Collected data:
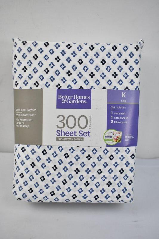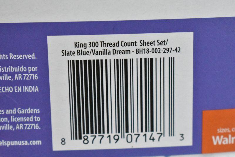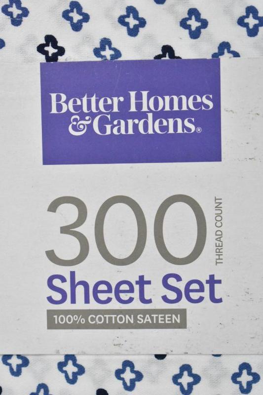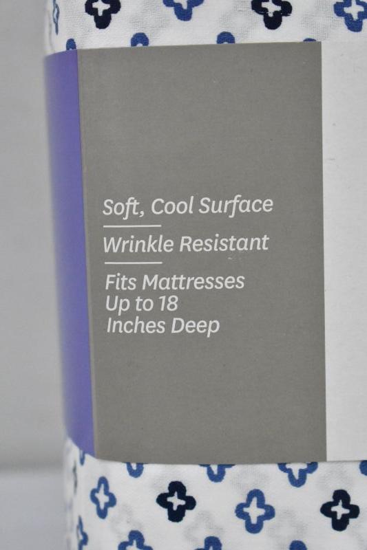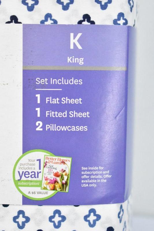 Better Homes and Gardens King Size Sheet Set, White with Blue & Dark Blue Designs - New
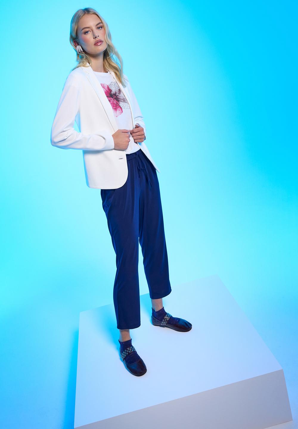 Giacca moda in tessuto milano tinta unita con viscosa. 2 bottoni di chiusura sul fronte.
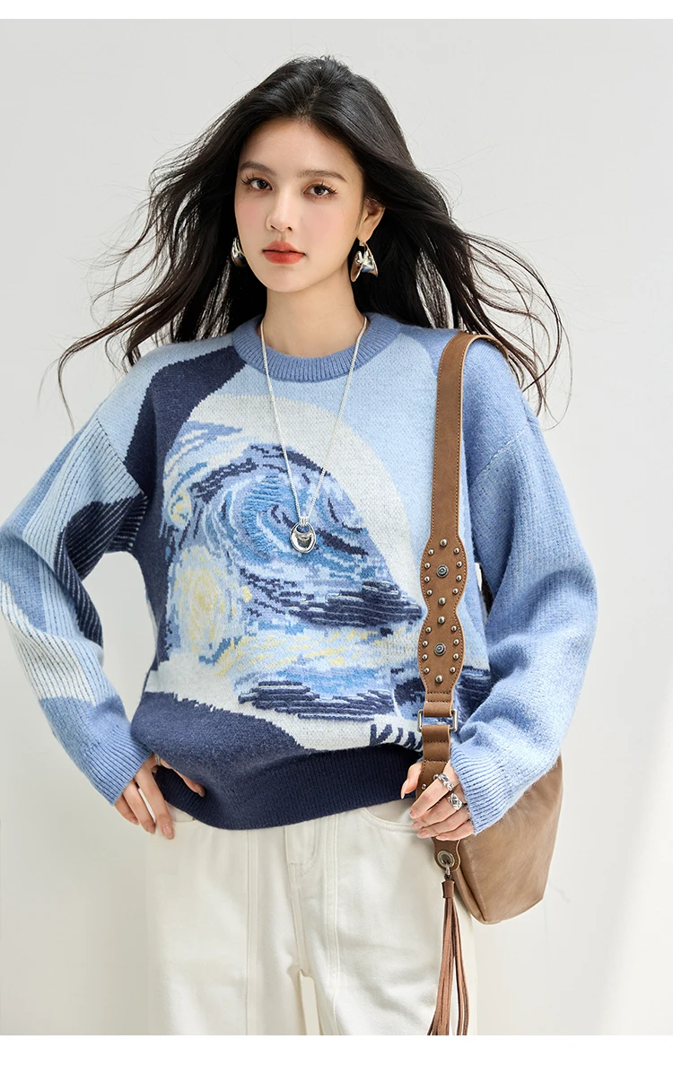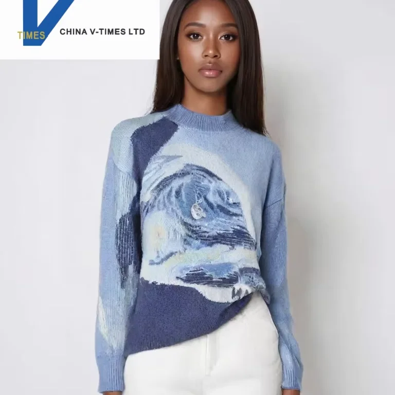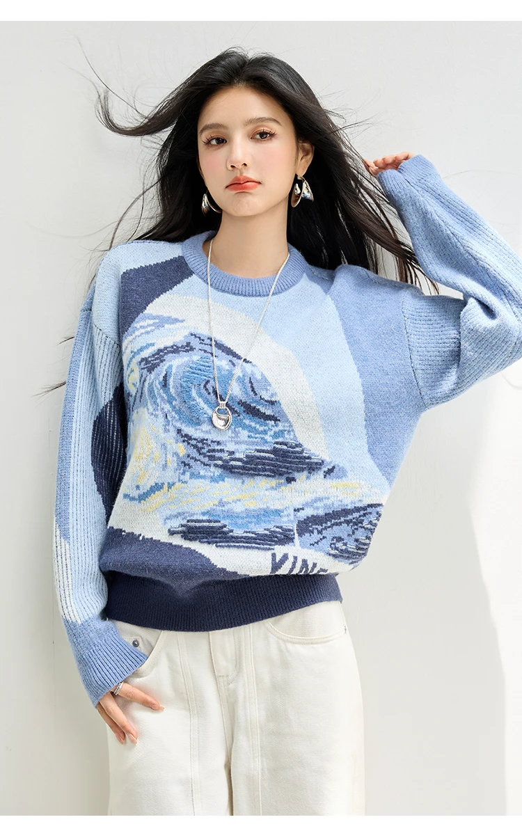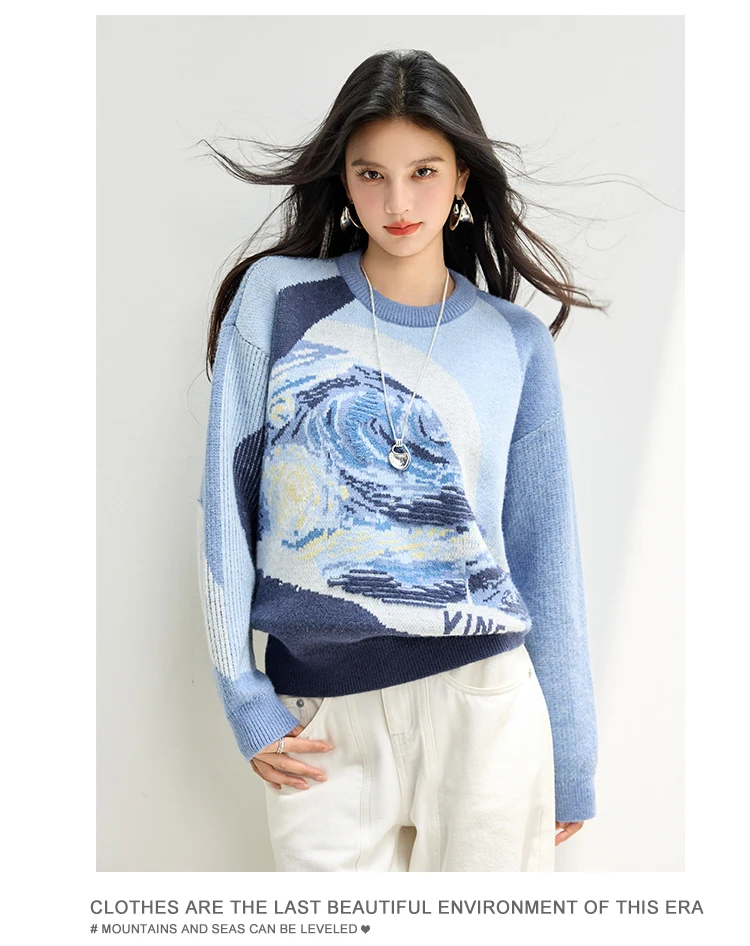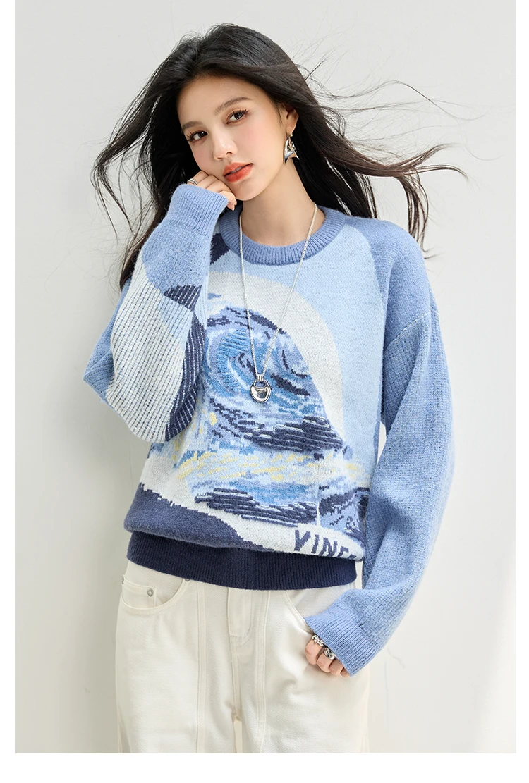 China V-times 2026 Autumn New Women's Elegant Loose Jacquard Knit Sweater Round Neck with Long Length

To do: Write the listing out a second time exactly, dropping all images.

Response below:
 Better Homes and Gardens King Size Sheet Set, White with Blue & Dark Blue Designs - New
 Giacca moda in tessuto milano tinta unita con viscosa. 2 bottoni di chiusura sul fronte.
 China V-times 2026 Autumn New Women's Elegant Loose Jacquard Knit Sweater Round Neck with Long Length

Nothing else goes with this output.